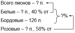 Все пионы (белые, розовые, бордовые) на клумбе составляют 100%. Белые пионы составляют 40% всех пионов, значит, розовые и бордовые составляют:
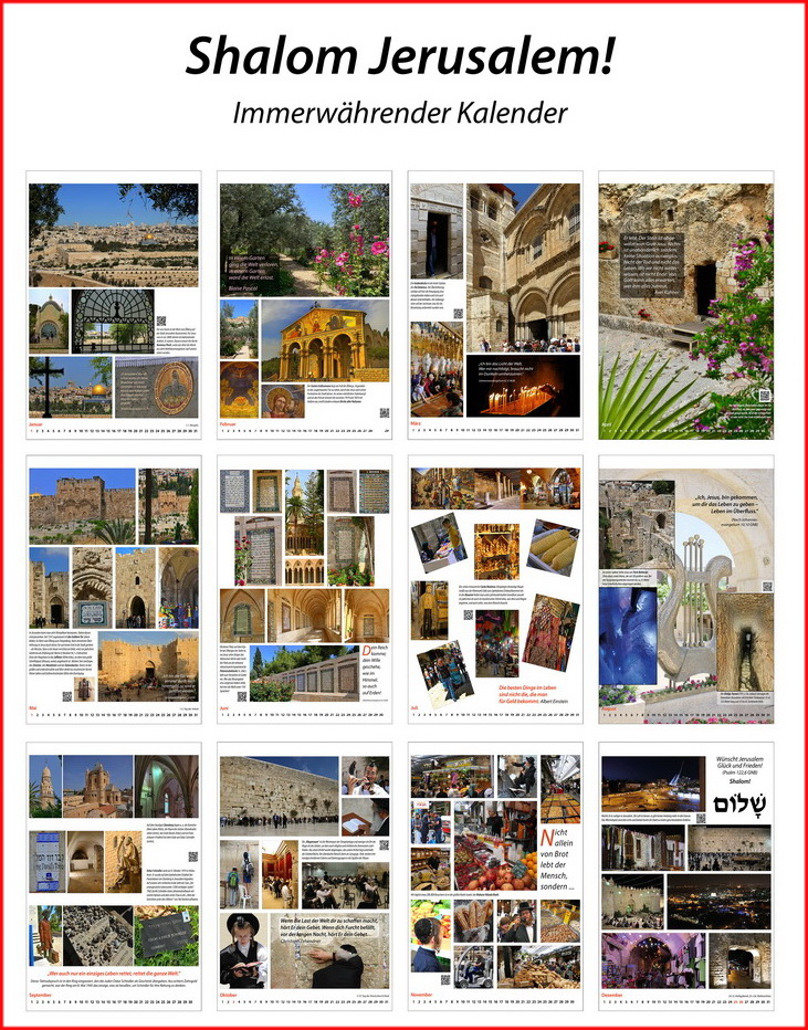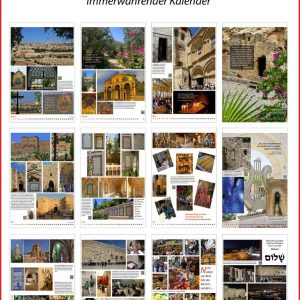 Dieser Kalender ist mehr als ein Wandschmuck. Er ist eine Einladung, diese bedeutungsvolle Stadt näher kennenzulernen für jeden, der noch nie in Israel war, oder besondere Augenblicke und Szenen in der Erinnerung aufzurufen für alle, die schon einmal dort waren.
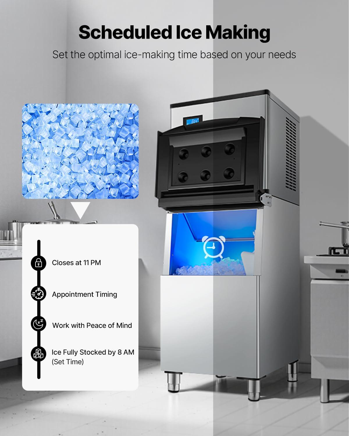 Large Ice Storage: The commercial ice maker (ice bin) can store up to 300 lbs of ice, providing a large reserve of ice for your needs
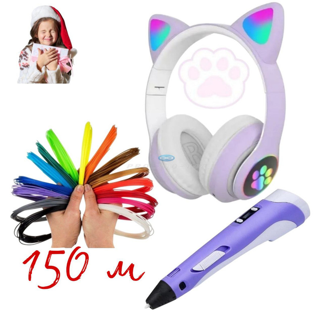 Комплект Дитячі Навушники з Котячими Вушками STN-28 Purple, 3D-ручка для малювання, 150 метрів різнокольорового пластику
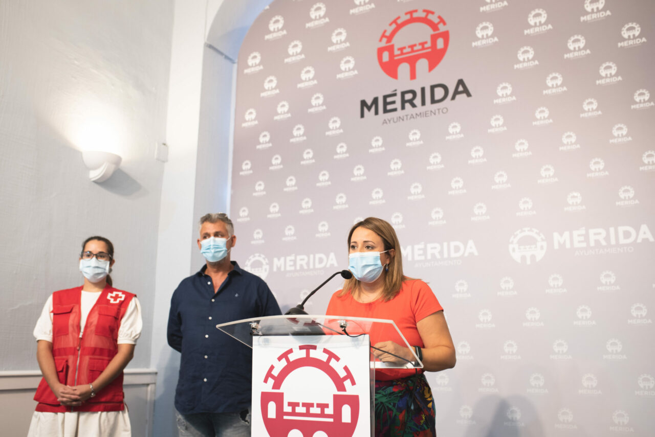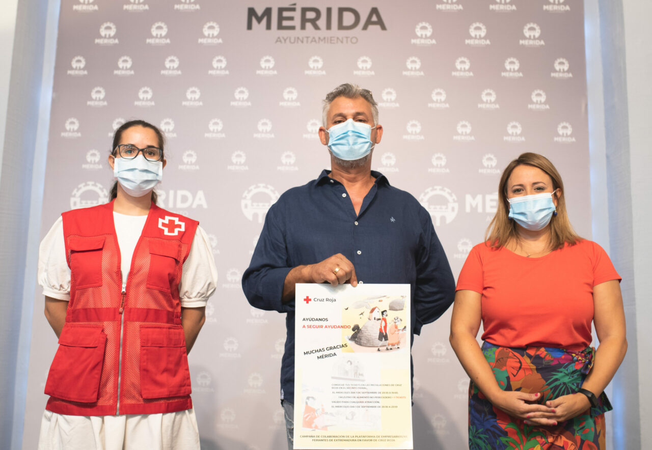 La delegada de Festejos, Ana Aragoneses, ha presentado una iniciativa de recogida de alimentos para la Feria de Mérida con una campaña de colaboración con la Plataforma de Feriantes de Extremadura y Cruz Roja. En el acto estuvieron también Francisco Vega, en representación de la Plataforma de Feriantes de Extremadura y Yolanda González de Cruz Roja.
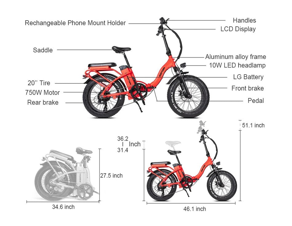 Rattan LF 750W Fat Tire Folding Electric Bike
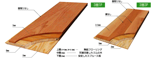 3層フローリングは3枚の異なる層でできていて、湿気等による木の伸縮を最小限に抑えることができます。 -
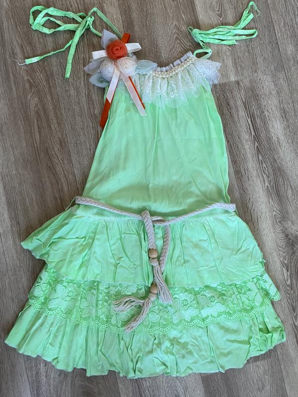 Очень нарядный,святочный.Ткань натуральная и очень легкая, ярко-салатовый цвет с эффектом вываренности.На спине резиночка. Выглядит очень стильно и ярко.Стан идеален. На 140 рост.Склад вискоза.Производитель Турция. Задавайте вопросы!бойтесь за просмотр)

□ □ □ □ □ □ □

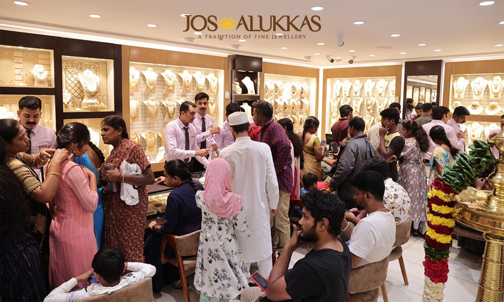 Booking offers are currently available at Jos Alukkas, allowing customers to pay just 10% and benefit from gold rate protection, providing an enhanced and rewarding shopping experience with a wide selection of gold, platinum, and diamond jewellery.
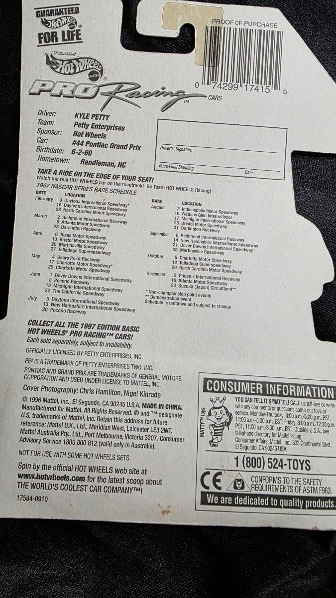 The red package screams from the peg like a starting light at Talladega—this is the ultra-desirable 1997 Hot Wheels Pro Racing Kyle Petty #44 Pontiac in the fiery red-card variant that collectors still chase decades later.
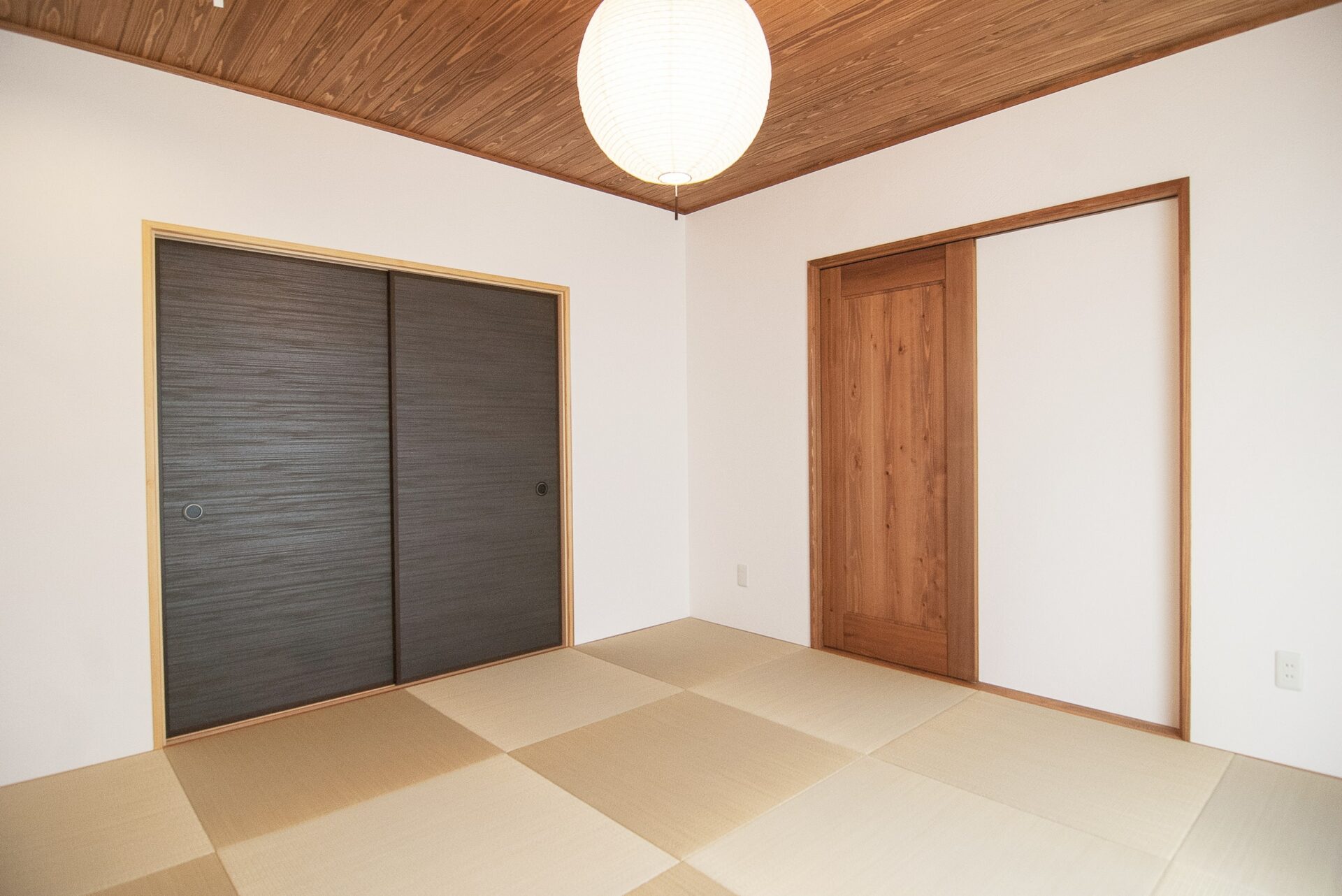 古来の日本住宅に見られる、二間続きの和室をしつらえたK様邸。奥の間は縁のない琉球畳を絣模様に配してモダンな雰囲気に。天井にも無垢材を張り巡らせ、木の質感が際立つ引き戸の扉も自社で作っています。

□ □ □ □ □ □ □

Exactly the lines starting at the one above with "La delegada de" and ending at the one with "Очень нарядный,святочный.Ткань натуральная" should be printed, and nothing else. Omit the pictures.

Final answer:
 La delegada de Festejos, Ana Aragoneses, ha presentado una iniciativa de recogida de alimentos para la Feria de Mérida con una campaña de colaboración con la Plataforma de Feriantes de Extremadura y Cruz Roja. En el acto estuvieron también Francisco Vega, en representación de la Plataforma de Feriantes de Extremadura y Yolanda González de Cruz Roja.
 Rattan LF 750W Fat Tire Folding Electric Bike
 3層フローリングは3枚の異なる層でできていて、湿気等による木の伸縮を最小限に抑えることができます。 -
 Очень нарядный,святочный.Ткань натуральная и очень легкая, ярко-салатовый цвет с эффектом вываренности.На спине резиночка. Выглядит очень стильно и ярко.Стан идеален. На 140 рост.Склад вискоза.Производитель Турция. Задавайте вопросы!бойтесь за просмотр)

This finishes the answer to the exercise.